Он долго молчит. Так долго и тяжело молчит, что эта тишина становится невыносимой.
— Да, — наконец говорит он и, помолчав, добавляет: — Из-за этого. Есть и другие причины… Все бывает. Но главное — из-за этого.
Он встает и отходит от костра, исчезает в непроглядной тьме, а затем я слышу, как сердито трещит хворост. Может быть, и не хворост даже, а маленькие сухие лиственницы, которые ломаются с треском выстрелов. Вернувшись, Петр подбрасывает в костер охапку сушняка и говорит:
— Так плохо и этак нехорошо. И без того не много тофов осталось, а я пустоцветом прожил, не оставил потомства. А взял бы жену другой нации — все равно бы дети тофами не выросли. Кем угодно, только не тофами…

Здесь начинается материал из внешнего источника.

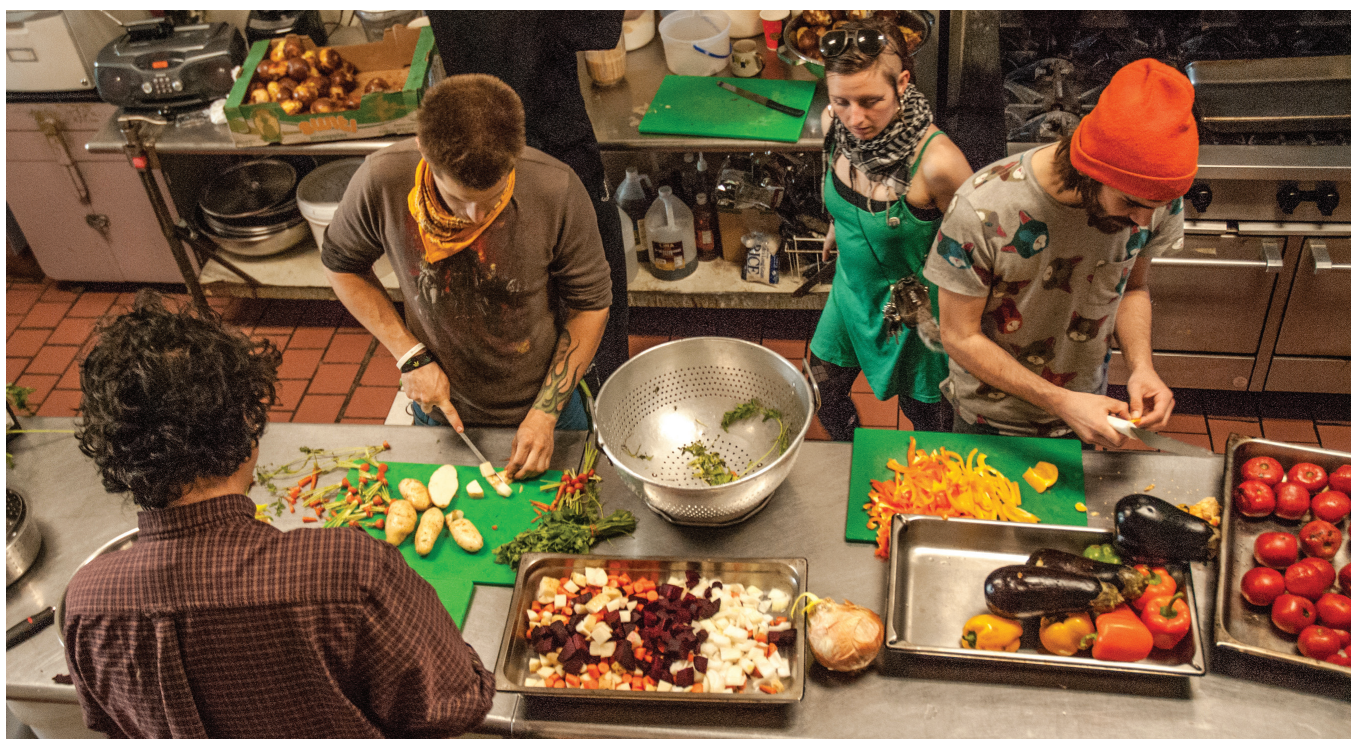
Prepping at St. Joseph's House of Hospitality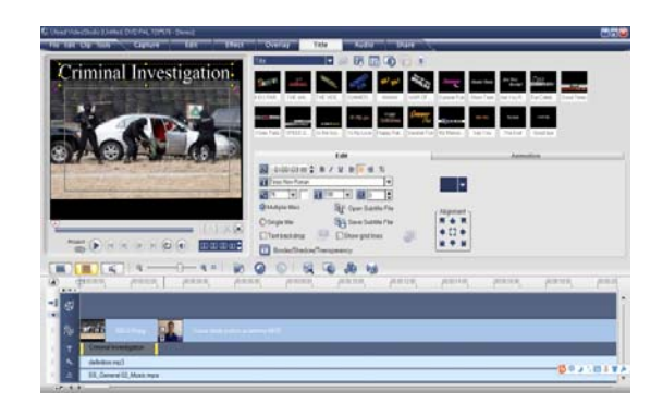
Figure 2. Transcript developing with Ulead Video 11.

Integrating original police transcripts into curricular learning is another feature. A transcript refers to a record of a call to 911or a policing event. Efforts are made to resume the context of the event so as to strengthen language experiencing. First, through browsing official crime reports, visiting police websites, searching some of the relevant key words on Google or obtaining from foreign police departments, sufficient textual, audio or visual data are collected and analyzed. Then explanations, titles are added while repeated, irrelevant contents are deleted with Word 2007, PowerPoint 2007 and Ulead Video Studio 11 for those typical transcripts with standard use of policing phrases. The first phase edited textual transcripts is either the reading material of Case study or the scripts for second phase audio and visual courseware development. The scripts are read or acted by some native English speakers and recorded by audio development tool cr-cooledit or DV, then edited with Ulead Video Studio 11 to add sound effect, titles and explanations as shown in Figure 2. Background information and discussion topics are attached to the transcript for further comprehension and consolidation.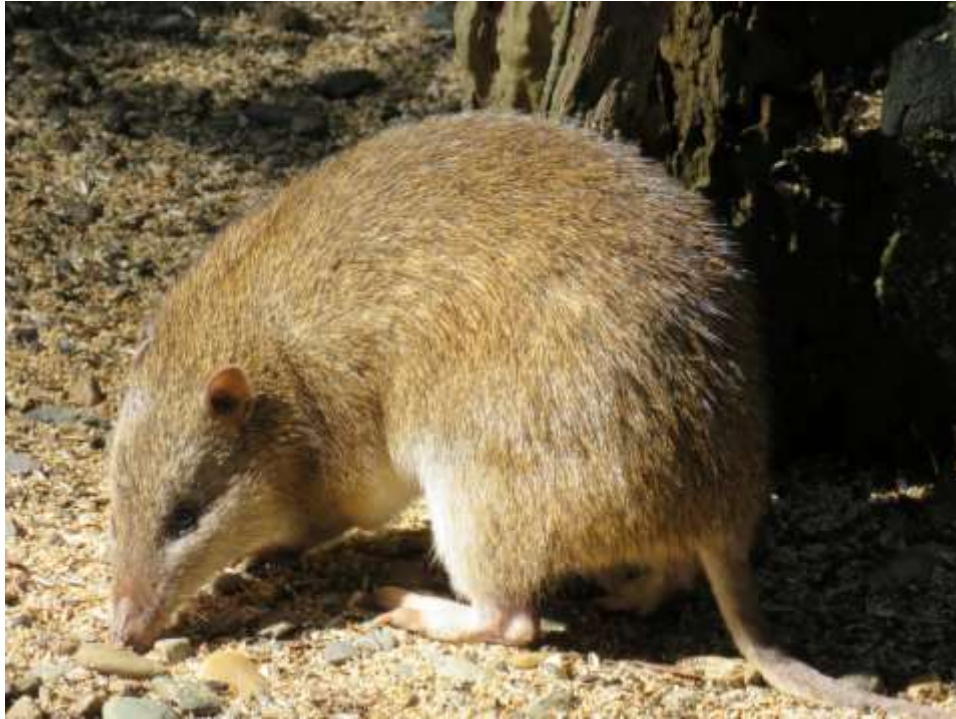
Northern Brown Bandicoot

From ATBC we drove to Chambers Wildlife Lodge, another fixture on the Queensland wildlife circuit. There is a shelter beside trees which are painted with syrup each evening. Not exactly the most naturalistic of settings, but spectacular views of Striped Possum, Sugar Gliders and Bush Rat. The grounds provided more opportunities to see pademelons. I also found a very nice leaf-tailed gecko.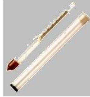
Figure 5: Salometer used to test brine strength

The main QA checks are to accurately weigh meat and curing salts to ensure that the correct concentrations are used in the brine. A ‘salinometer’ is a type of hydrometer that is calibrated to measure the concentration of salt in brine (Fig. 5). A sample of brine is placed in the testing cylinder, usually at 20°C, and the glass salinometer is allowed to float in the brine. The reading is taken from the stem of the salinometer and converted to % salt using conversion tables supplied with the equipment. If no salinometer is available, the correct brine strength is one that will just float a fresh egg or a freshly peeled potato.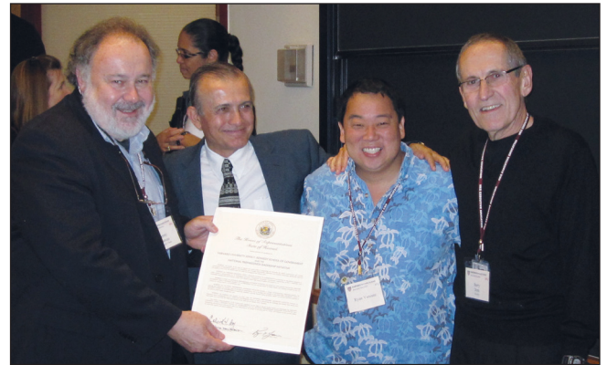
Recognizing Harvard University's administration for their community collaboration through the National Preparedness Leadership Initiative.

direction. I worked with many military officers in the War College's educational program and expressed the need for cultural sensitivity to our state; while focusing on the strategic role our state plays in national security; and honoring our servicemen, servicewomen, and their families.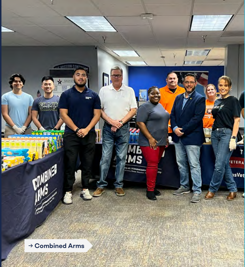
→ Combined Arms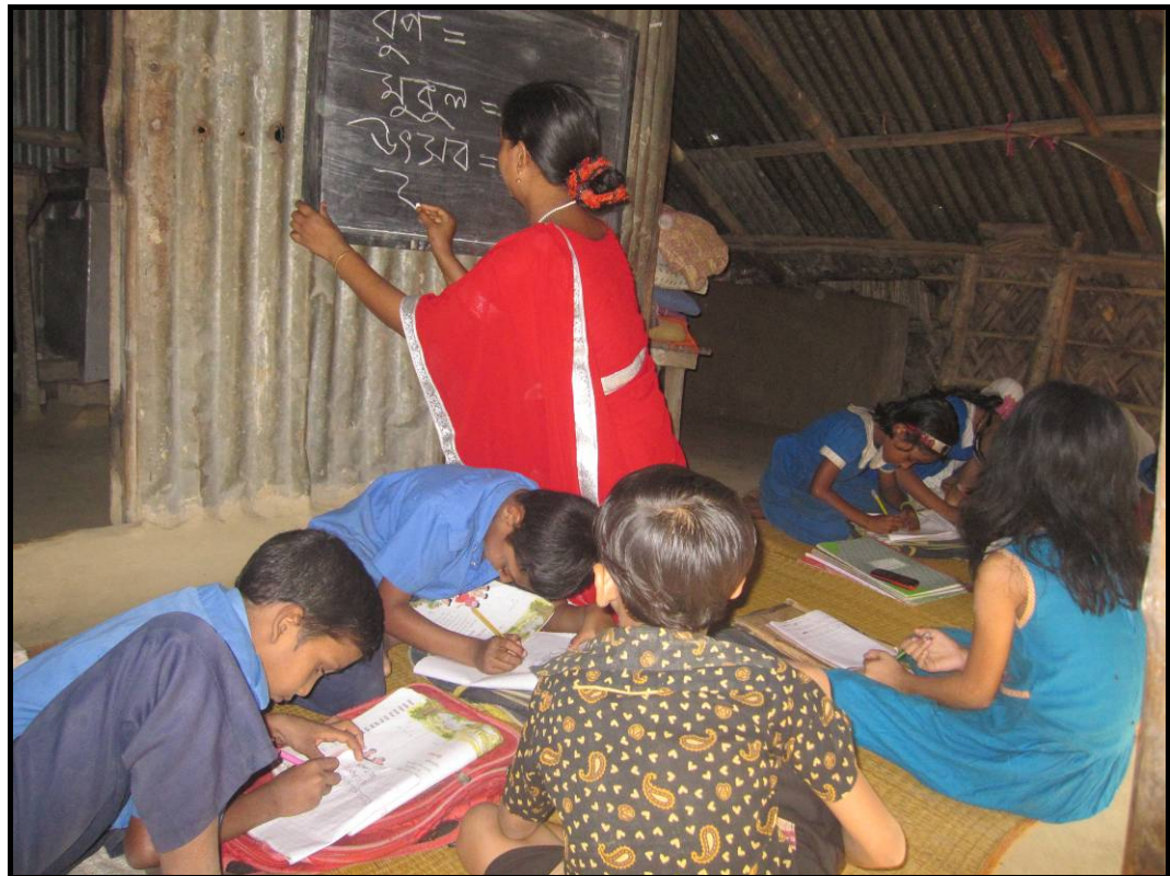
Tuition Programme in Lolitadaho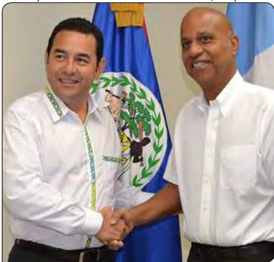
President Jimmy Morales and Prime Minister Dean Barrow Sharing a Cordial Handshake at the PM's Belize City Office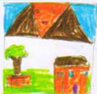
Indronil Pora I B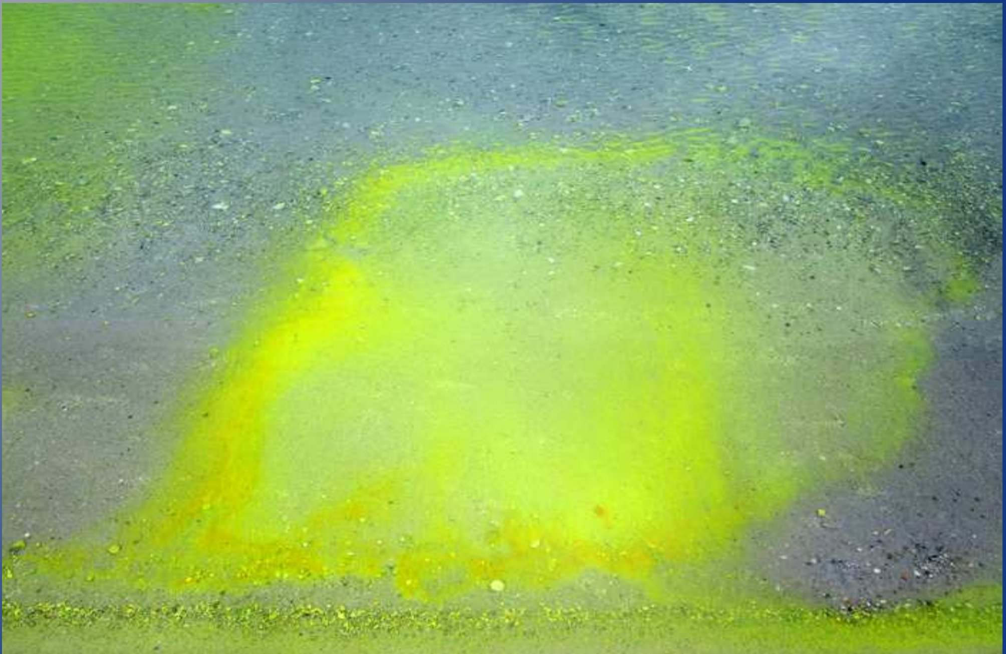
„Picassos“ - bright yellow orpiment underwater exhalations along the Osorezan lake shoreline

Я утешаю его, говорю, что не вижу такой опасности, потому что у многих тофаларов растет здоровое, многочисленное потомство, что дети вырастут и продлят тофаларский род, а после — дети их детей, так что не следует особенно расстраиваться. Но все это слова. Они не в состоянии развеселить Петра, развеять его мрачные мысли, а тем более изменить что-либо в этом неравном поединке тофаларов с временем. Не лучше ли помолчать? Не лучше ли помолчать, вместо того чтобы лицемерить?
— Пойду, может, изюбра подкараулю, — говорит Петр. — Днем за белкой охотился и видел след большого самца. Может, придет на зов.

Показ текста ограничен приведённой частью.